Energies, 2024, vol. 17, issue 17, 1-19

Abstract: The increasing adoption of renewable energy, particularly photovoltaic (PV) power, has highlighted the importance of accurate PV power forecasting. Despite advances driven by deep learning (DL), significant challenges remain, particularly in capturing the long-term dependencies essential for accurate forecasting. This study presents TransPVP, a novel transformer-based methodology that addresses these challenges and advances PV power forecasting. TransPVP employs a deep fusion technique alongside a multi-task joint learning framework, effectively integrating heterogeneous data sources and capturing long-term dependencies. This innovative approach enhances the model’s ability to detect patterns of PV power variation, surpassing the capabilities of traditional models.

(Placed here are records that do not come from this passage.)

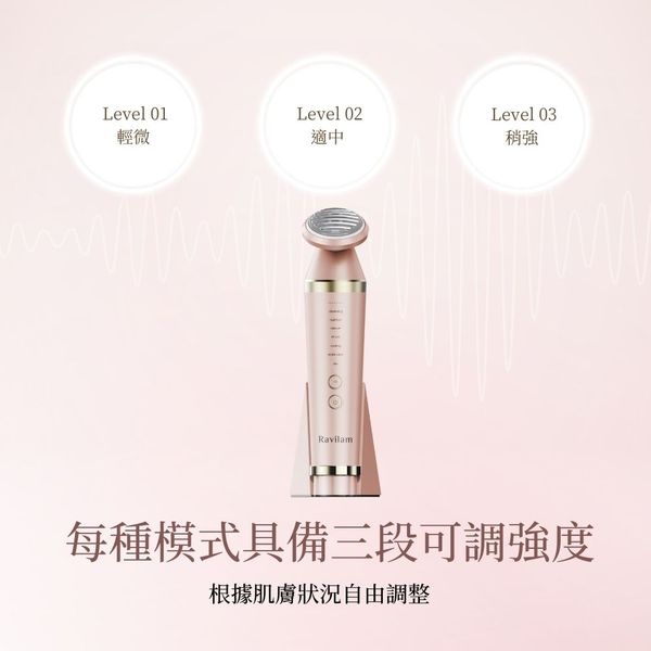 2. **強度可調**:共三階段強度可調整,可根據皮膚狀況調整每個模式的強度。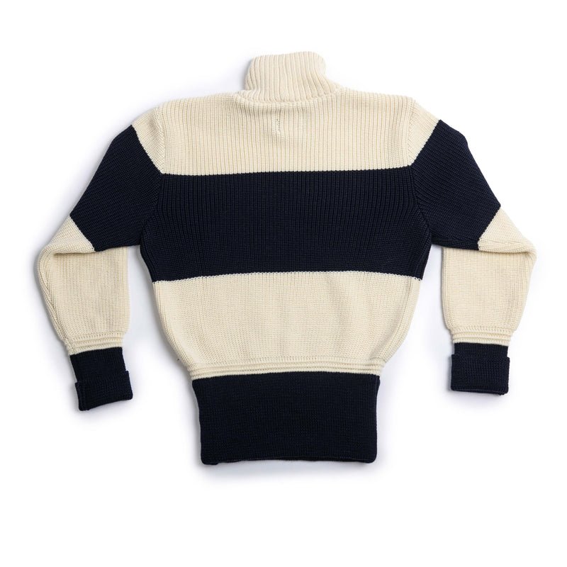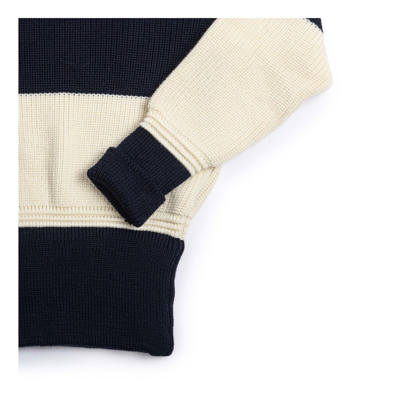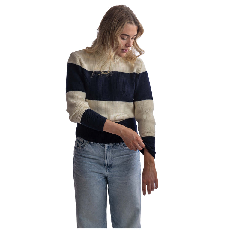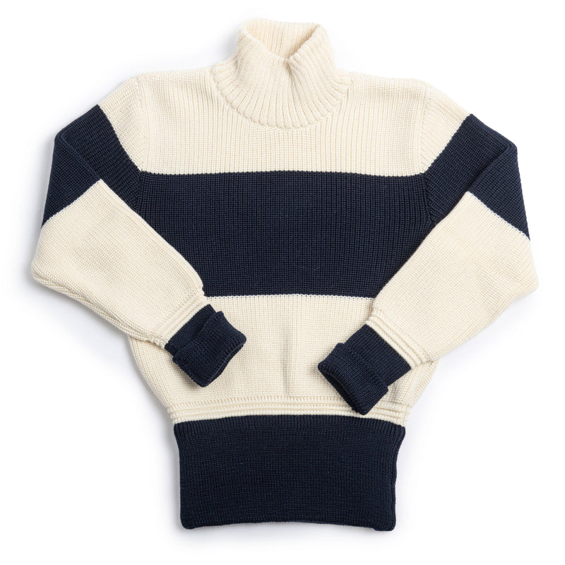 Taking inspiration from our classic Rollkragen and Rundhals it is a natural step to introduce two womenswear-specific sweaters. The exaggerated wide hem and long cuffs signal to WW2 RAF details. Signature stripes on cuffs and hem. The sleeves and collar are attached by hand stitching, proof of individual craftsmanship on every item. Knitted from 5 gauge 100% Extra Fine Virgin Wool.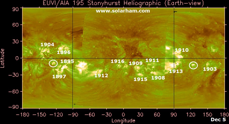 Una luminosa eruzione di massa coronale, è stata vista dalla sonda STEREO A, la regione responsabile dovrebbe essere la 1895, che attualmente è situata nella parte non visibile ad est, ed entro 48 ore dovrebbe ruotare nella parte visibile. Ovviamente nessuna nube di plasma è diretta verso la Terra, vista la posizione.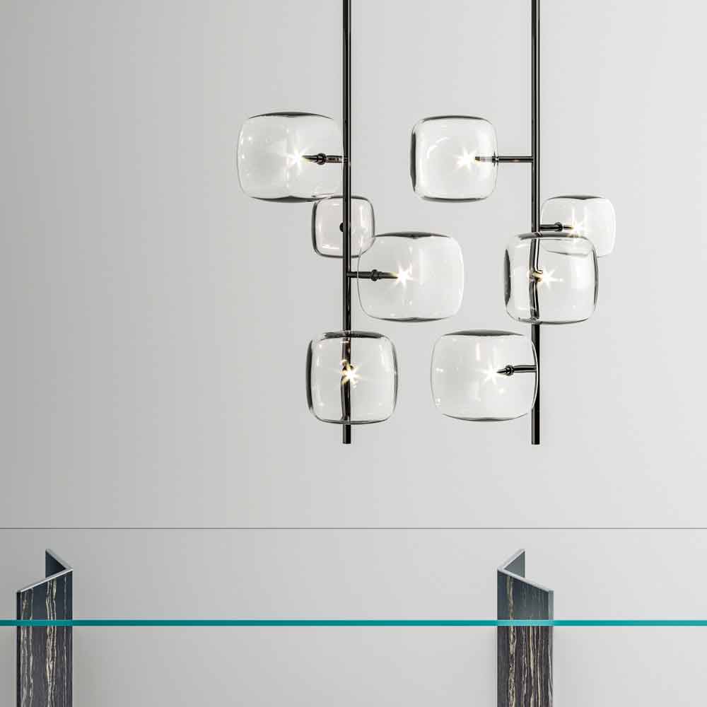 هذا المصباح المعلقمصنوع في إيطاليا ، ويمثل فكرة إضاءة فائقة الأناقة والتأثير، تُسهم في خلق بيئة ذات أجواء راقية وعصرية. هيكله المعدني المصقول يتضمن 4 أو 5 مكعبات مستديرة من زجاج بيركس شفاف منفوخ، حسب الحجم المُختار. كما أنه مثالي للتركيبات المتعددة على ارتفاعات مختلفة، مما يُضفي لمسةً من الحيويةوالرقي على تصميم المنتج. مصباح LED G4 3000K ومصباح قابل للتعتيم.

The effectiveness of TransPVP was rigorously evaluated using real data from a PV power plant. Experimental results showed that TransPVP significantly outperformed established baseline models on key performance metrics including RMSE, R 2 , and CC, underscoring its accuracy, predictive power, and reliability in practical forecasting scenarios.

Keywords: power forecasting; photovoltaic power; renewable energy; deep learning; information fusion (search for similar items in EconPapers)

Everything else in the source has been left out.